Your task
Copy the records below, from the line containing "ETCR1100台区相线识别仪是一种便携" through the last line; leave out pictures.

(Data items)
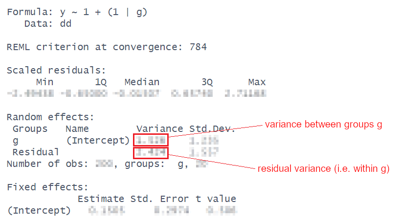 The multilevel model that has only an intercept (and the grouping structure) specified is sometimes referred to as the “null model” (or “intercept only model”). Because there are no predictors in the fixed effects there is just a single value (the intercept). All of the variance in the outcome gets modelled in the random effects part, and is partitioned into either ‘variance between groups’ or ‘residual variance’. This means we can just use those estimates to calculate the ICC.
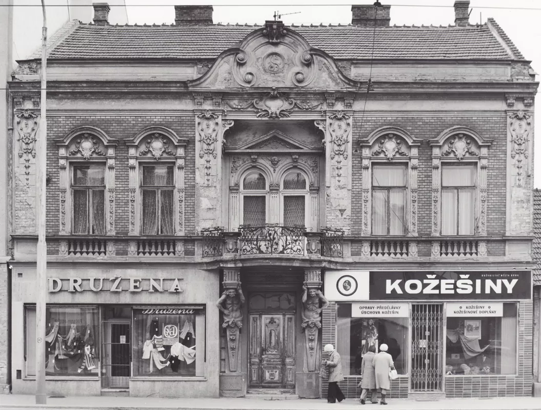 Around 1900, Královo Pole was a rapidly developing independent municipality with lively construction activity. Its general prosperity was reflected in its ceremonial elevation to the status of a city in 1905. In 1885–1907, the so-called ‘new quarter’ was built in Královo Pole, encompassing the parallel streets today called Dobrovského, Jungmannova, Vackova and Svatopluka Čecha, bisected by the perpendicular Slovinská Street. The neighbourhood is characterized by an ensemble of similarly designed residential buildings done in a late historicist style. Their defining feature is the combination of fair-faced bricks with stucco décor, mostly Neo-Baroque in character. Slightly younger, similarly crafted brick-stucco facades that combine a Neo-Baroque or vernacular style with Art Nouveau details can be found on Jungmannova and Riegrova Streets. One local example of this distinctive type of late historicist architecture is Jakub Svoboda’s grand, intricately designed house on Palackého Avenue, dated ‘1904’ above the entrance. The five-bay main elevation is accentuated by a massive centrally placed portal flanked by Atlases holding up a loggia-style terrace. Along with the opulent decorativeness of late historicist (mostly Neo-Baroque) architecture, the intent of this ‘noble form’ was to emphasize the owner’s importance. The facade combines the smooth surfaces of the fair-faced bricks with decorative plaster forms. The rich, almost exaggerated décor is characterized by a Neo-Baroque ornamental apparatus. The central avant-corps with the portal and loggia is crowned by a Baroque volute gable bearing the owner’s initials JS (Jakub Svoboda) in a circular recess. The original formal elements have been preserved on the first-floor facade, while the commercial ground floor has been significantly altered and degraded by the ‘visual pollution’ of modern shop signs. Pavla Cenková
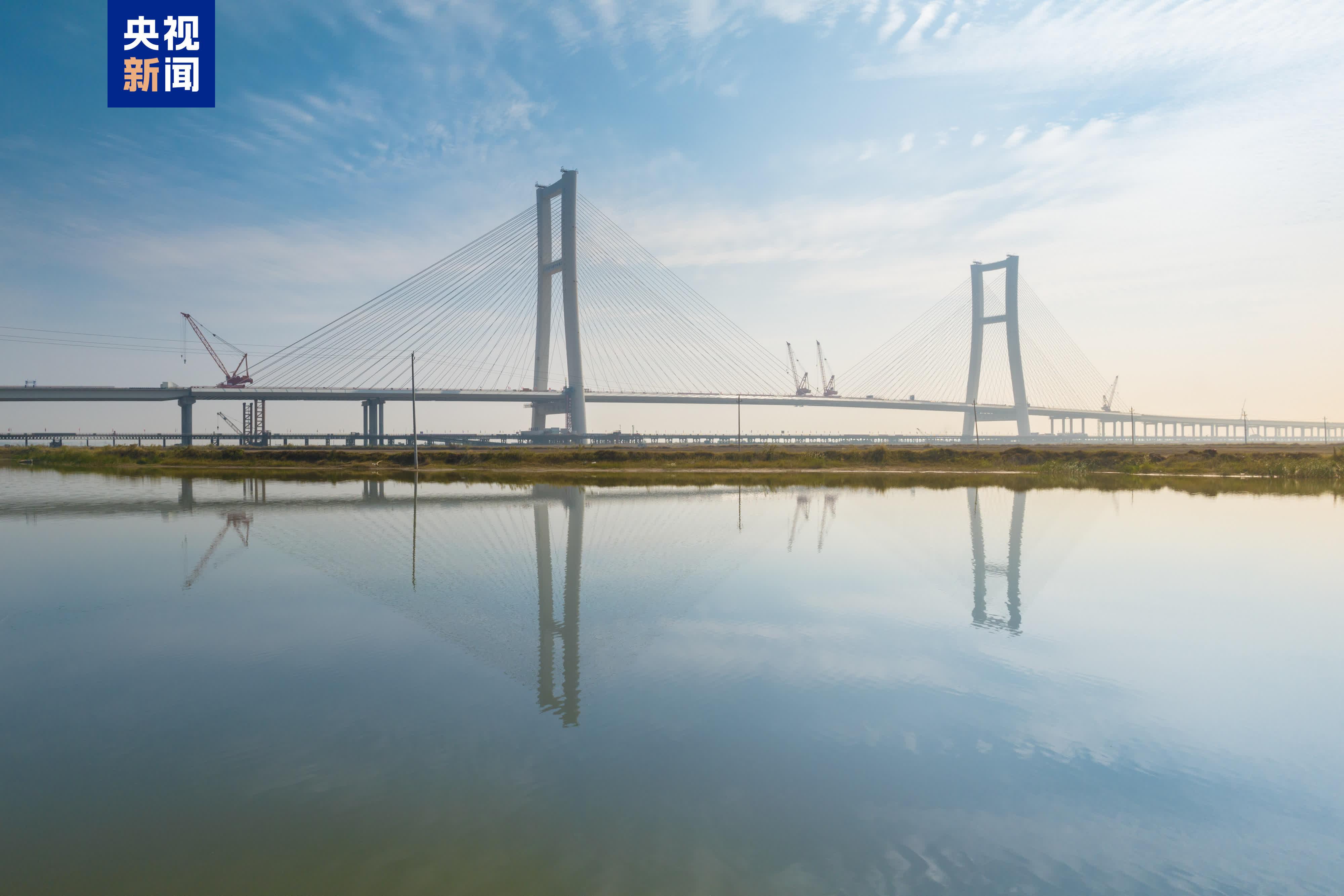 其中,大橋主橋長1010米,為雙塔雙索面組合樑斜拉橋,主塔高182米、主跨520米、橋寬51.5米。主橋共101個鋼混組合樑節段、184根環氧塗層斜拉索,抗拉強度為1960兆帕。主橋施工前,項目制定了高標準的線形、索力、應力等監控控制指標,搭建斜拉索施工數字管理平台,實時監測張拉索力數據,每五個節段總結分析。目前,斜拉索施工精度達千分位級,主樑施工實現相鄰段高差8毫米、主樑軸線偏位10毫米、高程誤差10毫米的高精度合龍,各項精度指標均高於國家現行規範要求。
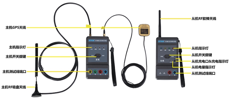 ETCR1100台区相线识别仪是一种便携式供电相线识别设备,用于识别同一台区的低压供电线路A、B、C相别。ETCR1100台区相线识别仪由主机、从机、RF天线、测试线组成。
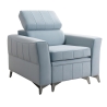 Fotel oferuje możliwość wyboru rodzaju stopek, co umożliwia dopasowanie go do charakteru wnętrza. Dostępne są metalowe stopki w chromie lub w kolorze czarnym, a także drewniane w odcieniach czarnym, białym, olcha, venge oraz buk. Dzięki temu mebel może harmonijnie współgrać zarówno z nowoczesnymi, jak i bardziej klasycznymi aranżacjami.

Worked solution
 ETCR1100台区相线识别仪是一种便携式供电相线识别设备,用于识别同一台区的低压供电线路A、B、C相别。ETCR1100台区相线识别仪由主机、从机、RF天线、测试线组成。
 Fotel oferuje możliwość wyboru rodzaju stopek, co umożliwia dopasowanie go do charakteru wnętrza. Dostępne są metalowe stopki w chromie lub w kolorze czarnym, a także drewniane w odcieniach czarnym, białym, olcha, venge oraz buk. Dzięki temu mebel może harmonijnie współgrać zarówno z nowoczesnymi, jak i bardziej klasycznymi aranżacjami.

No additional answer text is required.